お宝に興味のない俗世から解脱したような悟りきったヤツは一人もいないようで、アブナイ生き物がいるという事実も聞かなかったことにしているのか、みんな元気はつらつに応える。

「じゃあ、男子はコレに着替えて…、女子はコレでいいわね」
満場一致の民主主義的決定にニッコリ笑ったサセ子サンがしなやかな指先を鳴らすと、また黒背広サングラスコンビが現れて男子と女子に衣装を渡す。

「これって…、なんか、恥ずかしい…」
男子はいかにもジャングル探検という感じのフィールドギアだったが、女子が渡されたのは、ニーハイソックスとジャングルブーツだけだった。
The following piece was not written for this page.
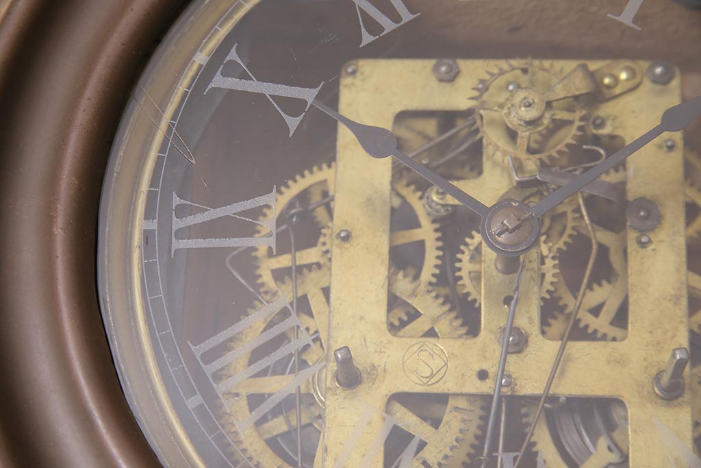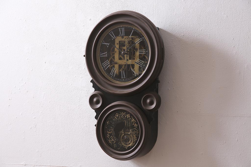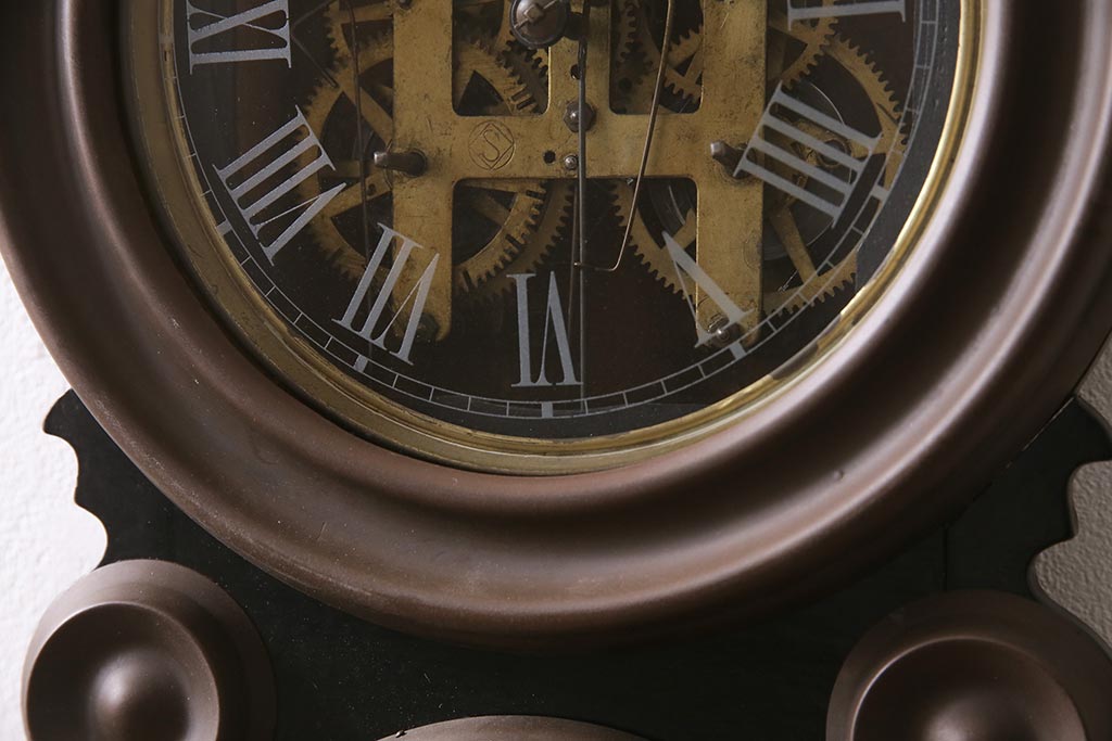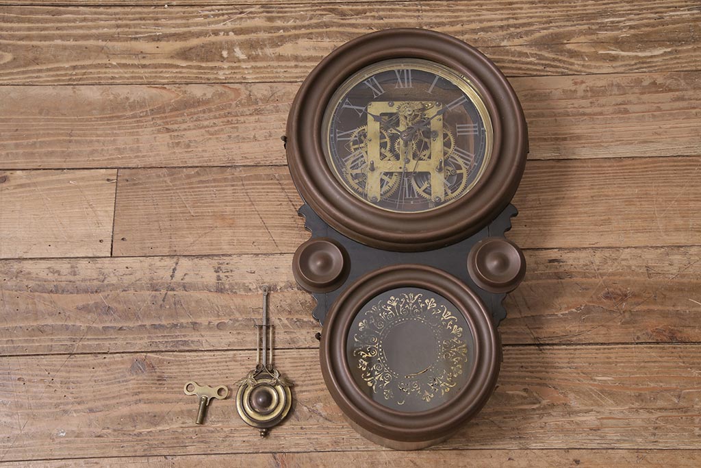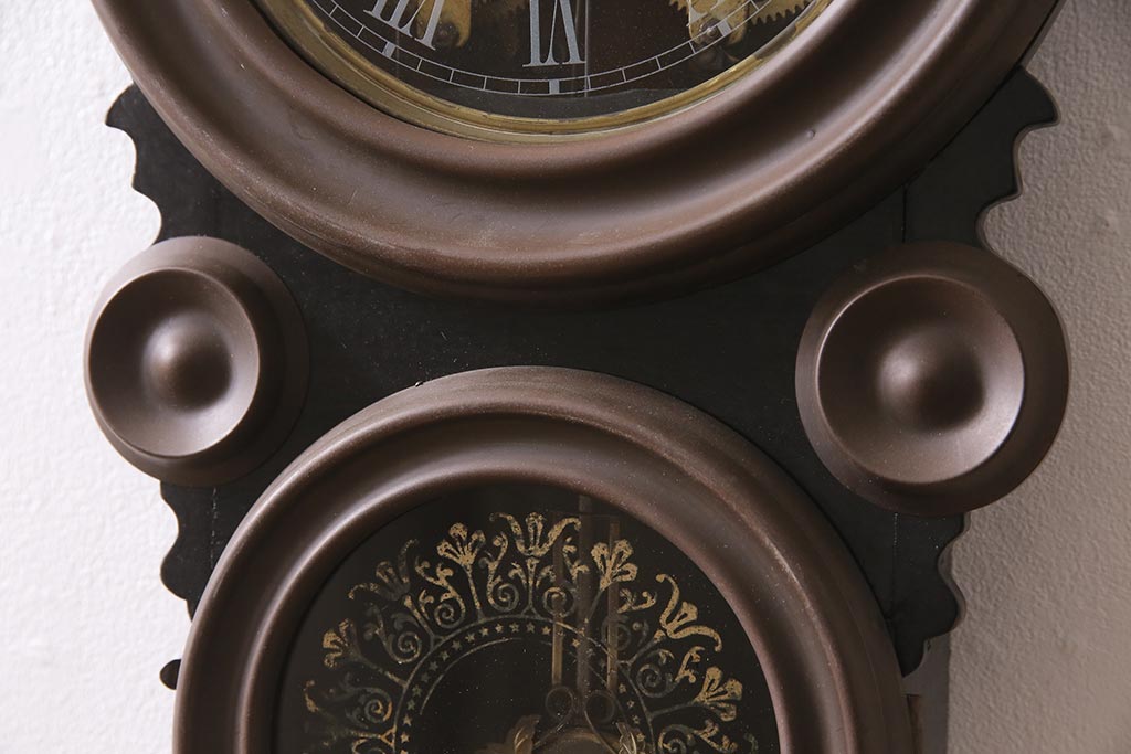 時計> 掛け時計 > アンティーク時計 明治 SEIKOSHA(精工舎、セイコー) ゼンマイ式 四ツ丸 古い質感が味わい深いだるま時計(掛時計、柱時計、振り子時計)(R-045562)

ピンクのニーハイとジャンルブーツを履いたスクール水着の麻里が、恥ずかしそうにオレの反応をうかがう。

「これって、さあ…、うっ、キター!!…、猛獣使いっ?…、っていうよりSM女王様?」
実用よりもある種の趣味を優先したような女子の格好を抗議しようとサセ子サンを見ると、光沢のあるレザー生地のレオタードと、同じ材質のオーバーニーでスパルタンなブーツを履いたサセ子サンは、手にムチを握っていた。

「そんなに喜ばなくても…、なんだか恥ずかしいわ…」
オレのツッコミに恥ずかしそうにムッチリ太ももをすりあわせたサセ子サンは、上目遣いに秋波を送ってくる。
「喜んでねえしっ」
妖しいシナを作る不思議美女を無視して、麻里の肩を抱くと
「…、じゃあ、男子は、女子を守ってあげるのよ、いい?」
不満そうなやぶにらみをしたサセ子サンだったが、振り返ってセクシーな後ろ姿を見せるとクラスメイトに声をかけた。

はあ~いっ!!…。

またも小学生並の明るい返事を返した男子は、適当にペアを見つけてスク水ピンクニーハイの女子にニヤニヤしていた。元々ペアができているカップルをのぞいて、意中の男子に指名された女子はウキウキして寄り添い、そうでない女子はいざというときは男子を楯にしようとたくらんでいたようだ。